Salman Rushdie on ventilator after attack

Story by  ATV | Posted by  Nakul Shivani • 1 Years ago
Salman Rushdie (File Photo)
Salman Rushdie (File Photo)

 

New York

Over 33 years after Iran's leader Ayotullah Khomeini had issued a fatwa of death to the renowned India- born British author Salman Rushdie, he was stabbed by a young American  at a function in New York and injured critically.

Rusdie, 75, is currently on a ventilator and is likely to lose an eye after he underwent surgery following the attack at a literary event on Friday night.

Rushdie has received death threats from Iran for his book The Satanic Verses that some Muslims considered blasphemous. Eyewitnesses said while the anchor was introducing the author, a young man suddenly jumnped on stage and stabbed him at least once in the neck and once in the abdomen.

Rushdie's literary agent, Andrew Wylie, sent an update on his condition, saying the author was on a ventilator and cannot speak. "The news is not good," he said adding "Salman will likely lose one eye; the nerves in his arm were severed, and his liver was stabbed and damaged."

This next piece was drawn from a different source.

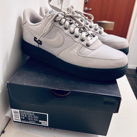 Ett par Nike Air Force 1 07 LV8 Reflective Swoosh. Använts max 2 gånger, annars legat i förvar. Sällsynt modell som ligger runt 3500kr-4000kr nypris.

Rushdie who shot to fame by winning Booker prize for his Novel Midnights' Children in 1981, faced death threats over his book The Satanic Verses which was released in 1988. India also banned the book.

Several literary figures and public officials reacted to the attack on Rushdie.

Bangladeshi author who has been living in exile, first in Europe and now in India, after death threats to her on book Lajja (Shame) by Islamic hardliners, said she is worried.

Bollywood writer Javed Akhtar also condemned the attack on Rushdie:

Salman Rushdie has a multi-million-dollar bounty on his head.

French President Emmanuel Macron is among the world leaders who has spoken on the attack:

State Police said Rushdie, who appeared to have been stabbed in his neck, was flown by helicopter to a hospital from the remote education and spiritual centre in Chautauqua about 550 km from New York City, but did not disclose his condition.

The alleged assailant, who pushed him to the floor and attacked him, was taken into custody by a state police trooper who was there, police said. Ironically, Rushdie was participating at the Chautauqua Institution in a "discussion of the United States as asylum for writers and other artists in exile and as a home for freedom of creative expression," according to the organisation's website.

Following the publication in 1989 of his novel, "Satanic Verses", which some Muslims considered blasphemous, the then Iranian Supreme Leader Ayatollah Khomeini issued a fatwa calling for Rushdie's death.

Various Iranian organisations put rewards of more than $3 million for killing writer.

Rushdie went underground with British government protection for several years and moved to the US in 2000 and has since been in public. He escaped an assassination attempt in 1989 when a bomb went off at a London hotel where he was thought to be staying and demolished two floors of the building.

The Mujahidin of Islam group claimed responsibility for the attack.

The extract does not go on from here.